## WHAT THE TASK REQUIRES:
The answer must reproduce the listing exactly, with every picture left out.

[[ SUPPLIED INFORMATION, beginning ]]

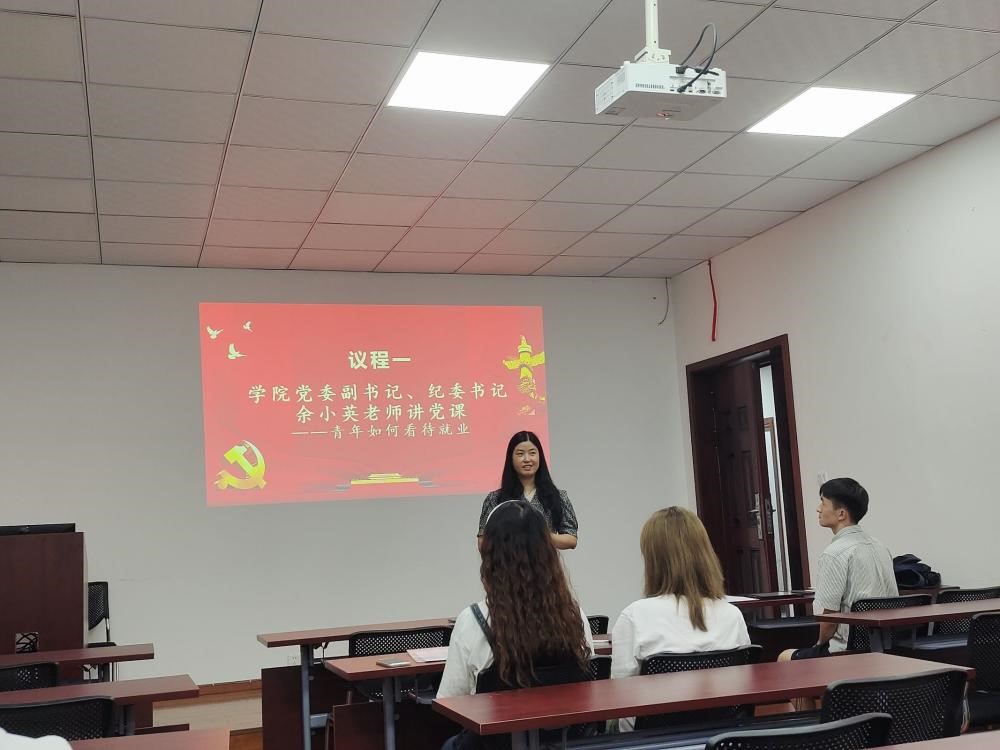 学生顺利就业,为大家树立正确的择业观。余书记以“党课”引领的方式和支部同志们畅谈了“青年如何看待就业”,余书记认为,当前的就业形势对于大学生来说可能会带来一定的压力,但是我们可以采取一些措施来应对。首先,了解当前的就业政策和就业形势,特别是把握党和国家的政策动态,及时调整自身发展方向,从个人素质条件进行重点培养,以符合用人单位的标准。其次,转变就业观念,调整就业心态,不要过分强调个人利益得失,到祖国和人民最需要的地方发挥光和热,客观制定就业计划。此外,足彩投注
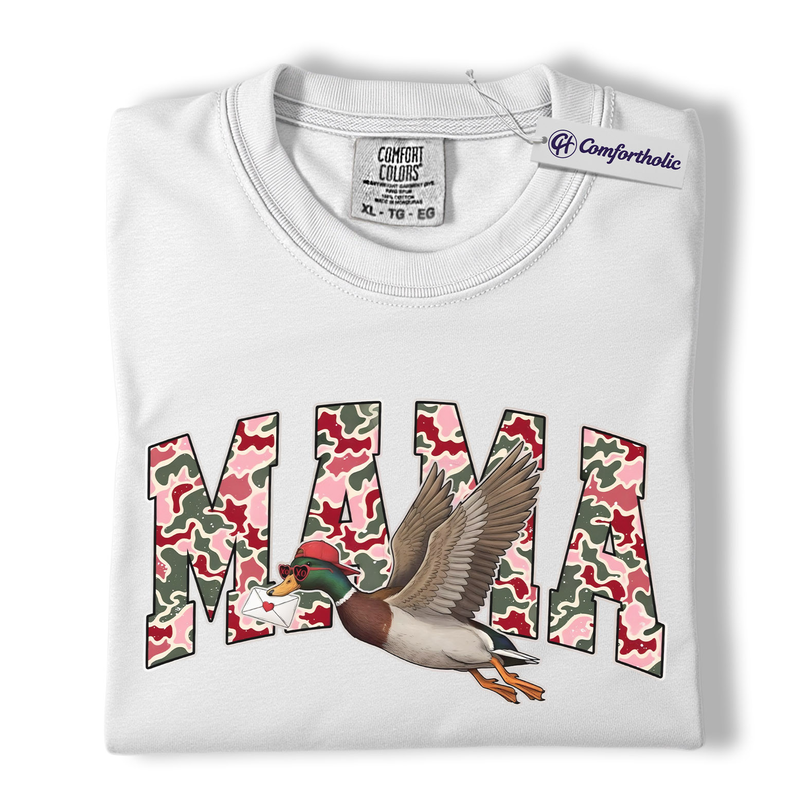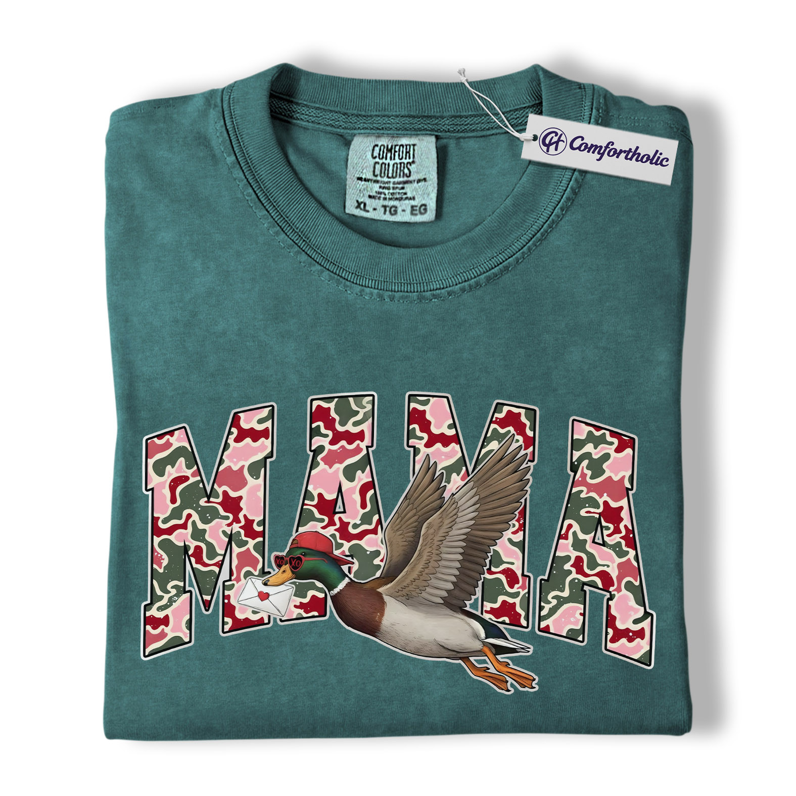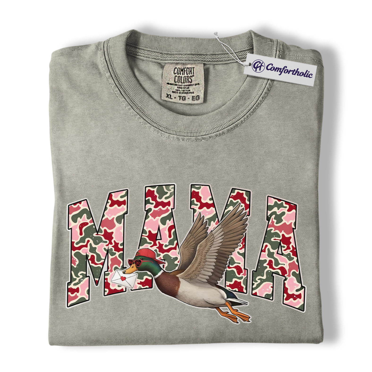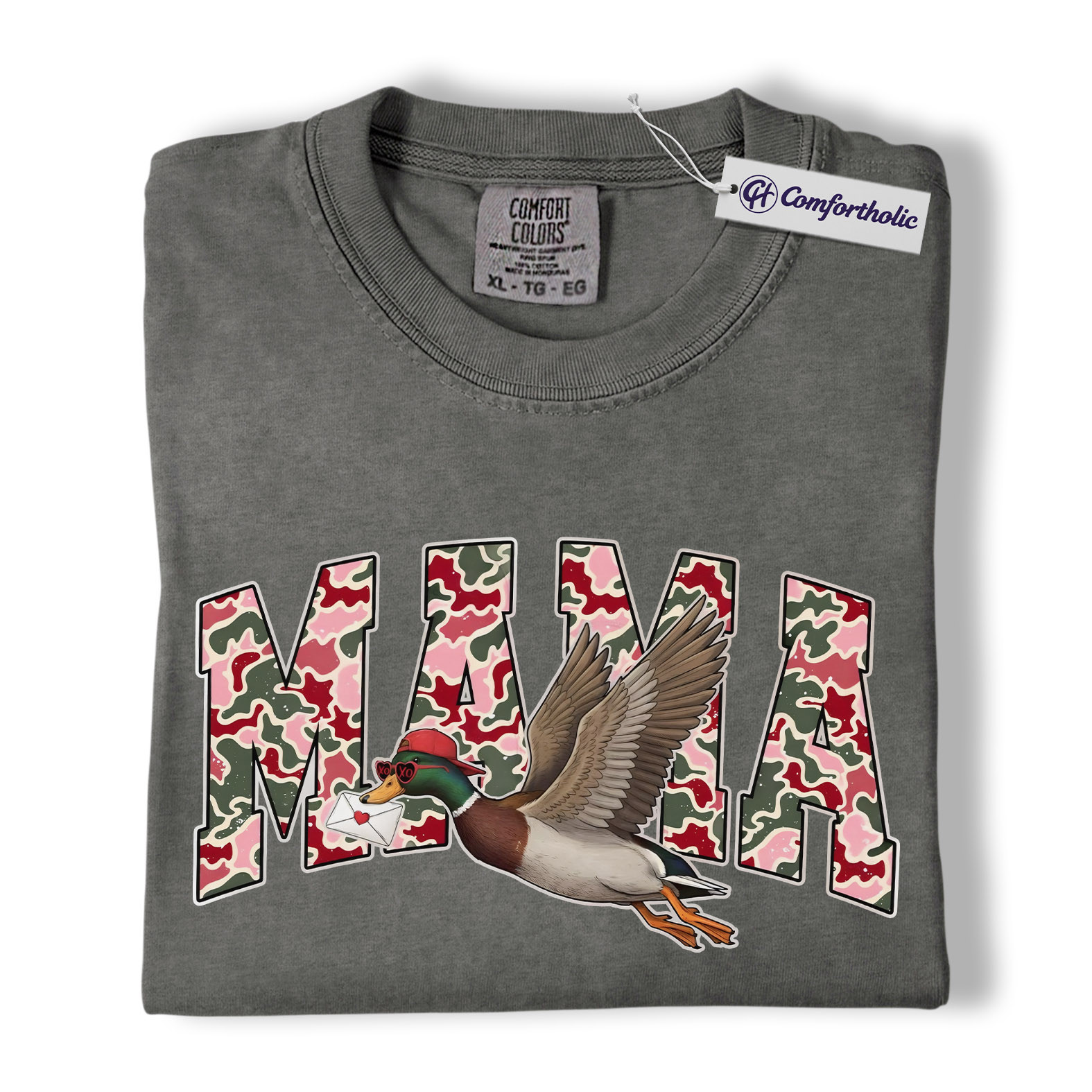 Camo Mama Duck Shirt, Funny Mallard Love Letter Graphic Tee, Mama Valentine’s Day T-Shirt, Gift for Mom Duck Lovers, Comfort Colors Shirt
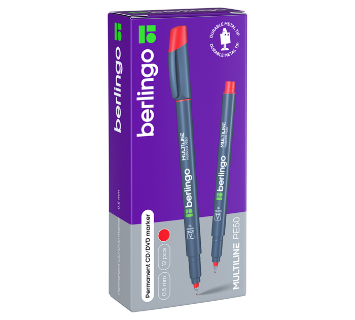 Предназначен для безопасного письма на поверхностях CD/DVD дисков. Закругленный пишущий узел. Ширина линии - 0,5 мм. Длина непрерывной линии - 600 м. Плотный колпачок с металлическим клипом предотвращает высыхание. Упакован в картонную коробочку по 12 шт.
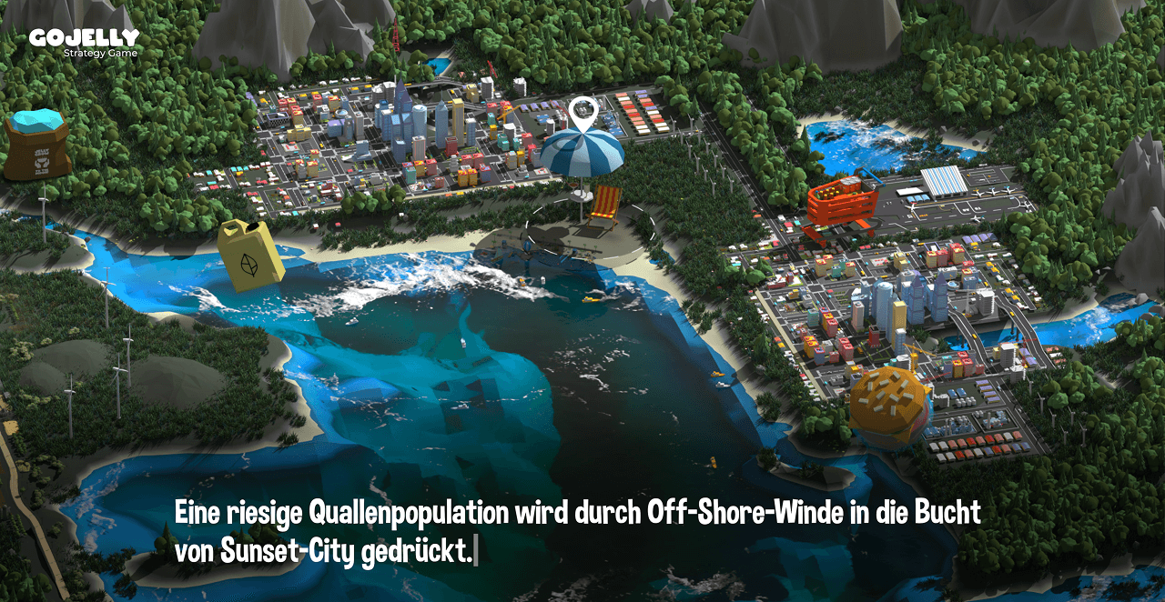 Die Spieler:innen schlüpfen in die Rolle des Bürgermeisters von Sunset City , einer fiktiven Küstenmetropole, die zunehmend von einer massiven Vermehrung von Quallen betroffen ist. Gemeinsam mit einem interdisziplinären Forscherteam gilt es, Ursachen zu analysieren, langfristige Strategien zu entwickeln und akute Maßnahmen zu ergreifen, um die Ausbreitung einzudämmen. Dabei müssen wirtschaftliche Entscheidungen, ökologische Verantwortung und die Bedürfnisse der Bewohner:innen ausgewogen berücksichtigt werden. Das Spiel schafft so einen realitätsnahen Einblick in die Herausforderungen eines sich wandelnden Ökosystems und zeigt auf, wie komplex nachhaltige Lösungsansätze in der Praxis sein können.
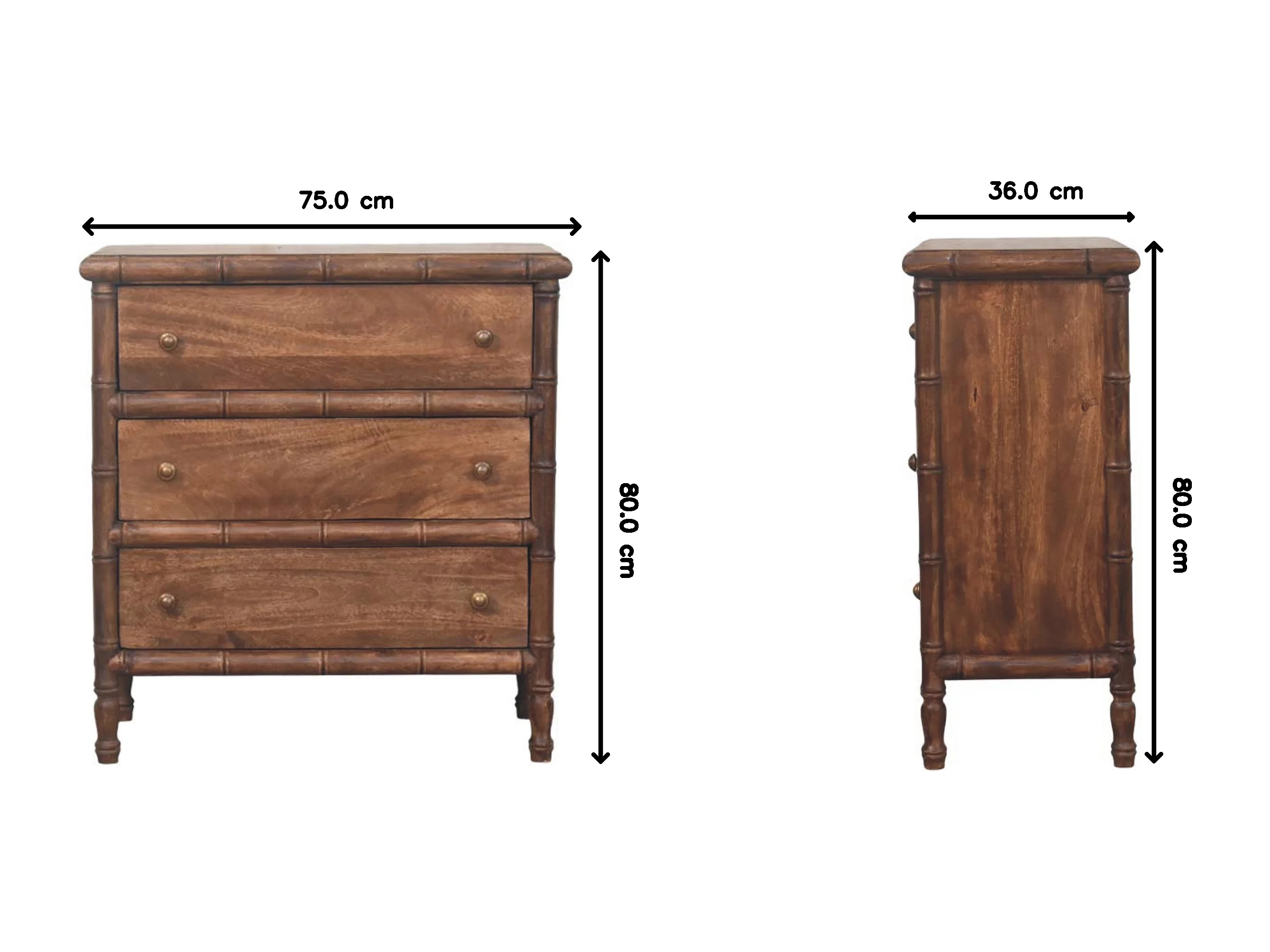 Commode sculptée en bambou Artisan Furniture, 3 tiroirs, brun chaud
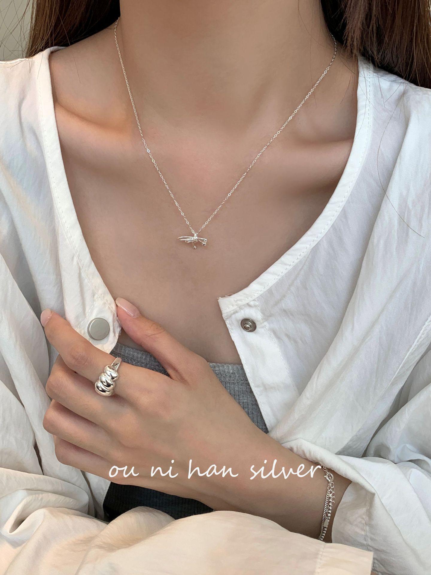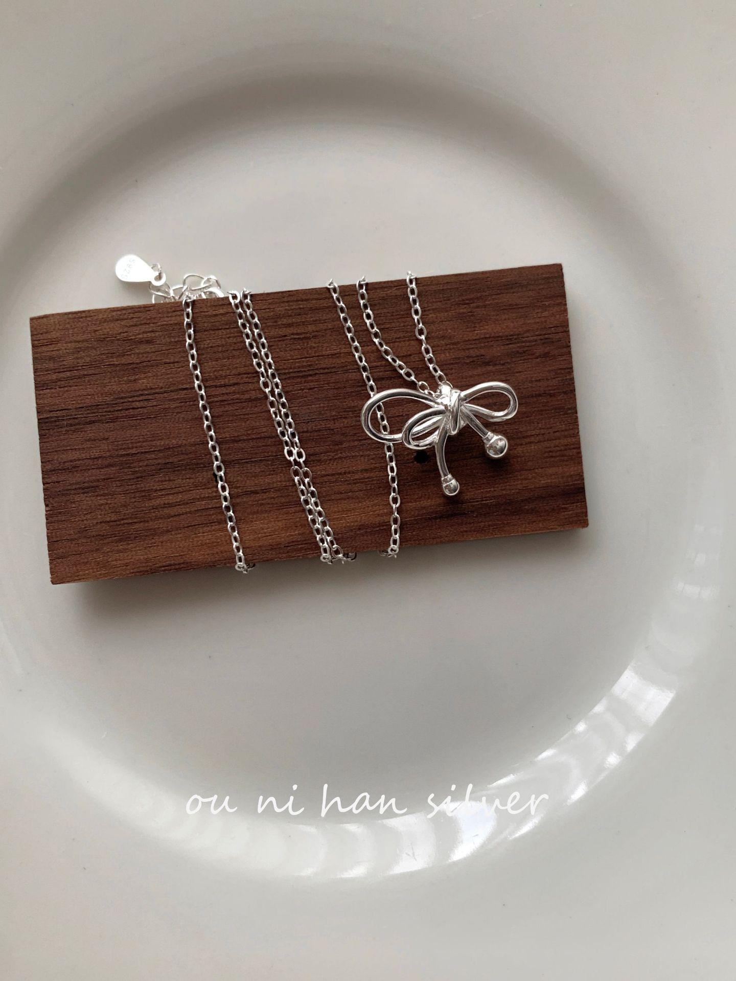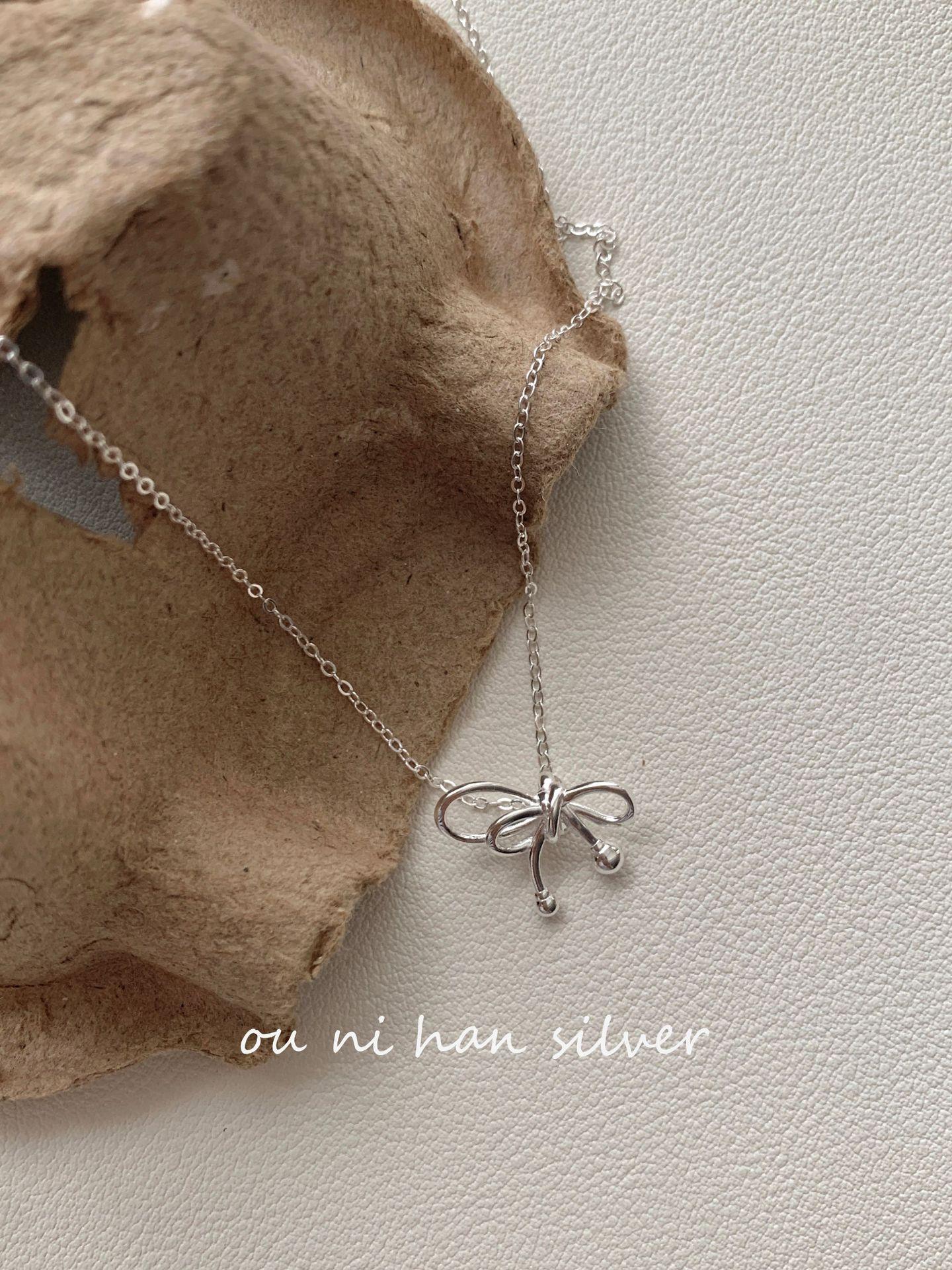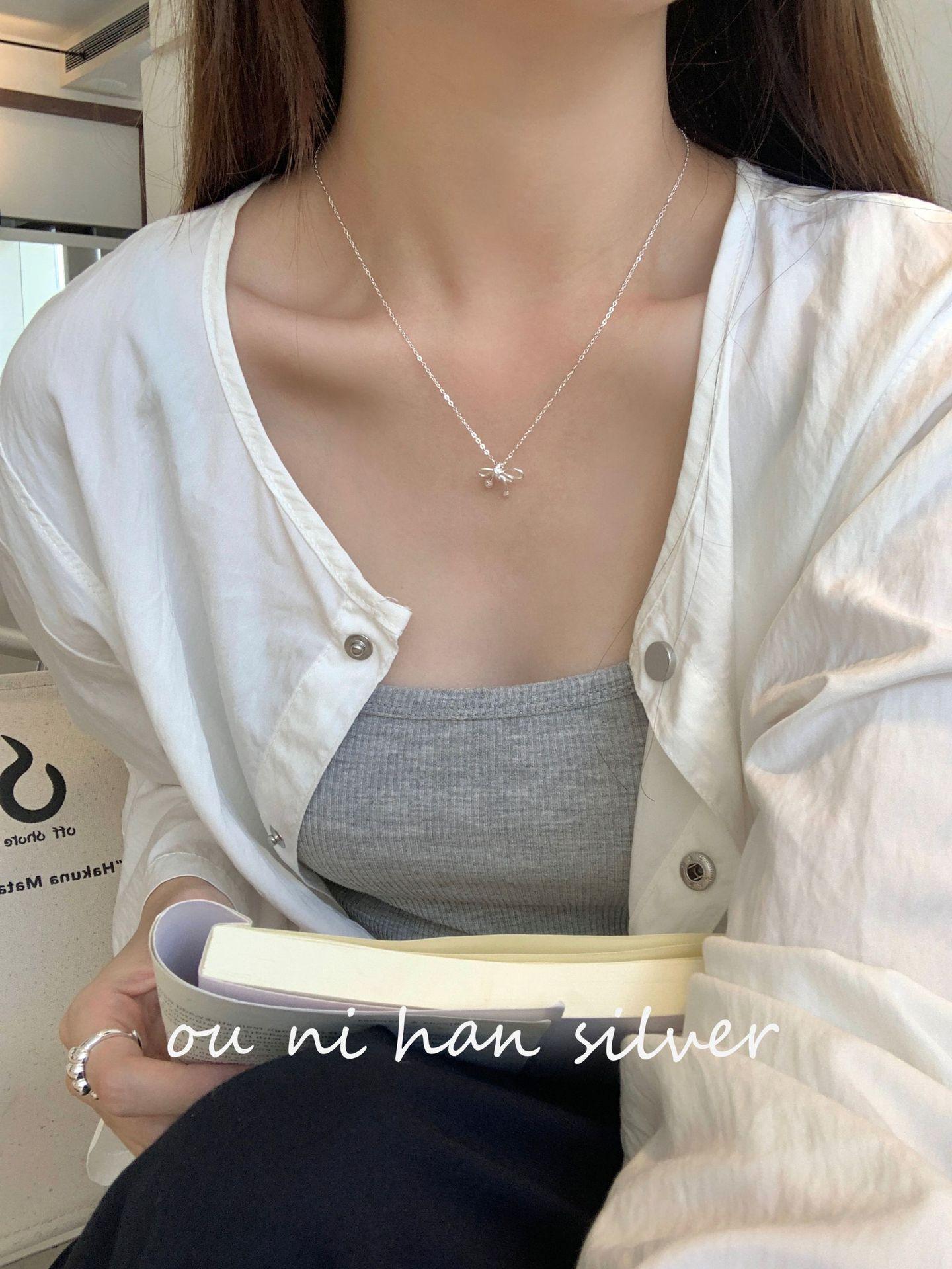 Oni estilo coreano S925 prata esterlina arco fino colar novo 2024 luz luxo nicho high-end clavícula corrente para mulheres

[[ SUPPLIED INFORMATION, end ]]

## WRITTEN SOLUTION:
 学生顺利就业,为大家树立正确的择业观。余书记以“党课”引领的方式和支部同志们畅谈了“青年如何看待就业”,余书记认为,当前的就业形势对于大学生来说可能会带来一定的压力,但是我们可以采取一些措施来应对。首先,了解当前的就业政策和就业形势,特别是把握党和国家的政策动态,及时调整自身发展方向,从个人素质条件进行重点培养,以符合用人单位的标准。其次,转变就业观念,调整就业心态,不要过分强调个人利益得失,到祖国和人民最需要的地方发挥光和热,客观制定就业计划。此外,足彩投注
 Camo Mama Duck Shirt, Funny Mallard Love Letter Graphic Tee, Mama Valentine’s Day T-Shirt, Gift for Mom Duck Lovers, Comfort Colors Shirt
 Предназначен для безопасного письма на поверхностях CD/DVD дисков. Закругленный пишущий узел. Ширина линии - 0,5 мм. Длина непрерывной линии - 600 м. Плотный колпачок с металлическим клипом предотвращает высыхание. Упакован в картонную коробочку по 12 шт.
 Die Spieler:innen schlüpfen in die Rolle des Bürgermeisters von Sunset City , einer fiktiven Küstenmetropole, die zunehmend von einer massiven Vermehrung von Quallen betroffen ist. Gemeinsam mit einem interdisziplinären Forscherteam gilt es, Ursachen zu analysieren, langfristige Strategien zu entwickeln und akute Maßnahmen zu ergreifen, um die Ausbreitung einzudämmen. Dabei müssen wirtschaftliche Entscheidungen, ökologische Verantwortung und die Bedürfnisse der Bewohner:innen ausgewogen berücksichtigt werden. Das Spiel schafft so einen realitätsnahen Einblick in die Herausforderungen eines sich wandelnden Ökosystems und zeigt auf, wie komplex nachhaltige Lösungsansätze in der Praxis sein können.
 Commode sculptée en bambou Artisan Furniture, 3 tiroirs, brun chaud
 Oni estilo coreano S925 prata esterlina arco fino colar novo 2024 luz luxo nicho high-end clavícula corrente para mulheres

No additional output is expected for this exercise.